Judge rejects NYC subway bomber’s conviction challenge

NEW YORK (AP) — The conviction of a Bangladeshi immigrant who set off a pipe bomb attached to his chest in New York City’s busiest subway station was properly returned by a Manhattan jury, a judge said in a decision released Monday.

The December 2017 attack by Akayed Ullah, 30, of Brooklyn, fizzled when the bomb barely exploded, burning Ullah but causing mostly minor injuries to others.

Judge Richard Sullivan rejected several challenges by Ullah to his November 2018 conviction for the attack in subway tunnels beneath Times Square and the Port Authority bus terminal. Those challenges included a claim that he did not provide support to the Islamic State group.

Sullivan said in a decision dated Dec. 31 but placed in the public record Monday that evidence “amply establishes” that Ullah acted at the group’s direction by “heeding the call of the organization’s propaganda and recruiting materials.”

The judge noted that Ullah told arresting officers that he had viewed a video encouraging the kind of attack he tried to carry out. Sullivan said Ullah also told police that he carried out the attack “for the Islamic State.”

Ullah faces a mandatory 30-year prison term and could be locked up for life at a sentencing that is currently delayed by restrictions put in place because of the coronavirus pandemic.

Amy Gallicchio, a lawyer for Ullah, declined comment. Prosecutors declined through a spokesperson to comment.

Immediately after jurors left the courtroom after announcing their verdict, Ullah spoke out, saying he did not act on the Islamic State group’s behalf but instead planned the attack because he was angry that President Donald Trump said he would bomb the Middle East.

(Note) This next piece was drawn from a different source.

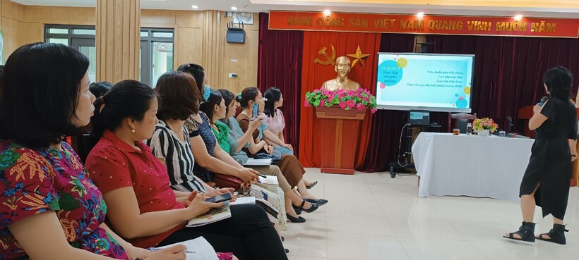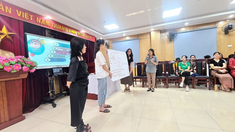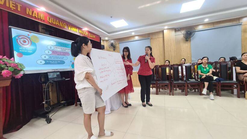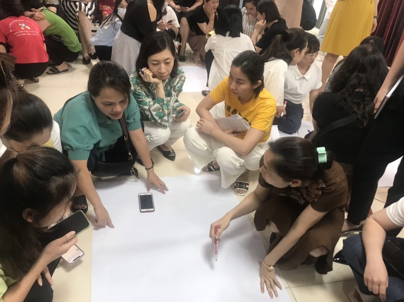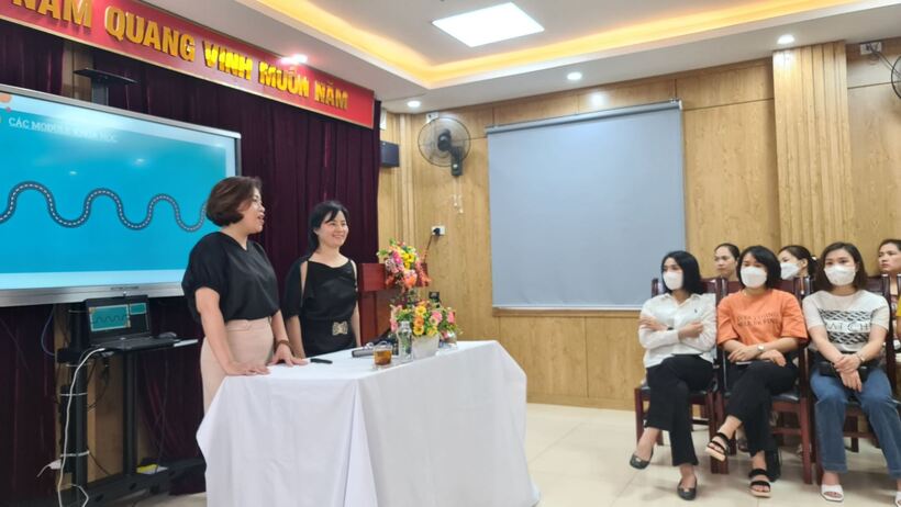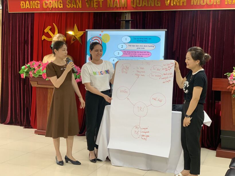 Từ cô cấp dưỡng, kế toán, bác bảo vệ, các cô giáo của các nhà trường đã rất hào hứng tham gia các trò chơi trải nghiệm, bổ ích, ý nghĩa và luôn chứa một thông điệp riêng mà giảng viên mang đến cho lớp học.

At trial, Ullah was confronted with his post-arrest statements and social media comments, including when he taunted Trump on Facebook before the attack.

Hours after Ullah’s bombing attempt, Trump derided the immigration system that had allowed Ullah — and multitudes of law-abiding Bangladeshis — to enter the U.S.

Ullah got an entry visa in 2011 because he had an uncle who was already a U.S. citizen. Trump said allowing foreigners to follow relatives to the U.S. was “incompatible with national security.”

Sullivan, who now sits on the Manhattan federal appeals court, presided over Ullah’s trial when he was a district court judge.